Danke für das neue Bild. Der Lack ist auf jeden Fall gerissen. An dieser Stelle kann das passieren, da hier relativ viel Bewegung im Rahmen vorhanden (und einkalkuliert) ist. Das muss aber nicht automatisch bedeuten, dass auch der Rahmen bzw. die Verbindung von Strebe zu Lagersitz einen Defekt hat.
Ich werde das Bild zur Prüfung an meine Kollegen geben und um eine Einschätzung bitten. Sollte dann noch was unsicher sein, müsstest Du das Rad zum Händler bringen. Ich gebe Dir morgen Bescheid.


----------



## Encore9 (9. Januar 2018)

Vielen dank für die schnelle Antwort !!!


----------



## bergamont (10. Januar 2018)

@Encore9 Eben noch Rückmeldung bekommen. Das ist wie vermutet unbedenklich, da es sich nur um den Lack handelt, der am Übergang Carbon zu Alu aufgrund der unterschiedlichen Materialeigenschaften eingerissen ist. Wäre das Carbon oder Alu ebenfalls beschädigt, würde man ein "ausgefranstes" Rissbild sehen.


----------



## Encore9 (10. Januar 2018)

Super vielen dank


----------



## Hobbymieter (20. August 2018)

Da das Radon Jealous 1x12 9.0 AL nicht lieferbar ist und ich nicht bis in den Herbst warten möchte, interessiere ich mich für das Bergamont Revox Pro, dass ich aus technischer Sicht durchaus gelungen finde (im Gegensatz zu den meisten anderen Bikes passen hier auch die Bremsen, etc.). Warum gibt es über das Bike kaum etwas im Internet zu lesen (Tests, Erfahrungen, etc.). Hat jemand einen Tipp für mich wer aus dem Forum so ein Revox aus 2018 fährt? Ist das Teil empfehlenswert?


----------



## MTB-News.de




----------



## Waldkatze (22. Februar 2019)

Noch 3x schlafen gehen, dann ist es endlich da. 

Ich brauchte ein neues Stadtrad. Trekking-Bikes getestet - ging gar nicht (lenken, Kurven, Bordstein-Hüpfer). Also wieder Hardtail und mir wurde das Revox 7 empfohlen. 
Im Oktober bestellt, Liefertermin von November auf Februar verschoben.
Kenne es bislang nur vom Bild. Das habe ich allerdings bestimmt schon 100x aufgerufen.
Bin sehr gespannt, wie es sich sitzt und fährt.

Jetzt darf das Steppenwolf nach 20 Jahren endlich sein Gnadenbrot bekommen, abgesehen von nächtlichen Ausflügen in die Stadt.
So gross ist das Vertrauen ins neue Ivy Chain dann doch nicht.
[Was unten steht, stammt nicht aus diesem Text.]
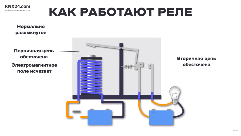 В реле есть две основные цепи: первичная и вторичная. Первичная цепь обеспечивает управляющий сигнал для приведения в действие реле. Это можно контролировать, например, при помощи ручного переключателя, термостата или датчиков самых разных типов.

Fährt es schon jemand hier?
Für welches Einsatzgebiet nutzt ihr es?
Wie zufrieden seid ihr?

Fijn weekend.


----------



## Tiri (10. April 2019)

Kann mir jemand berichten ob die Größenangaben zum BGM Revox Team 2018 bei Gr S wirklich für Körpergrößen 160-167 cm stimmt? Kein Händler in meiner Nähe hat es vorrätig, von daher müsste ich es bestellen


----------



## Waldkatze (11. April 2019)

Hallo Tiri

Zum Team kann ich nix sagen, bei meinen 7er FMN passt bei einer Grösse von 166 und einer SL von 84, das S ganz gut.

Hier ist die Übersicht:
https://www.bergamont.com/de/de/product/bergamont-revox-7-fmn?article=270300160

Über die Geodaten konnte mein Freund ableiten, dass das M die Problematik nur vergrössert hätte.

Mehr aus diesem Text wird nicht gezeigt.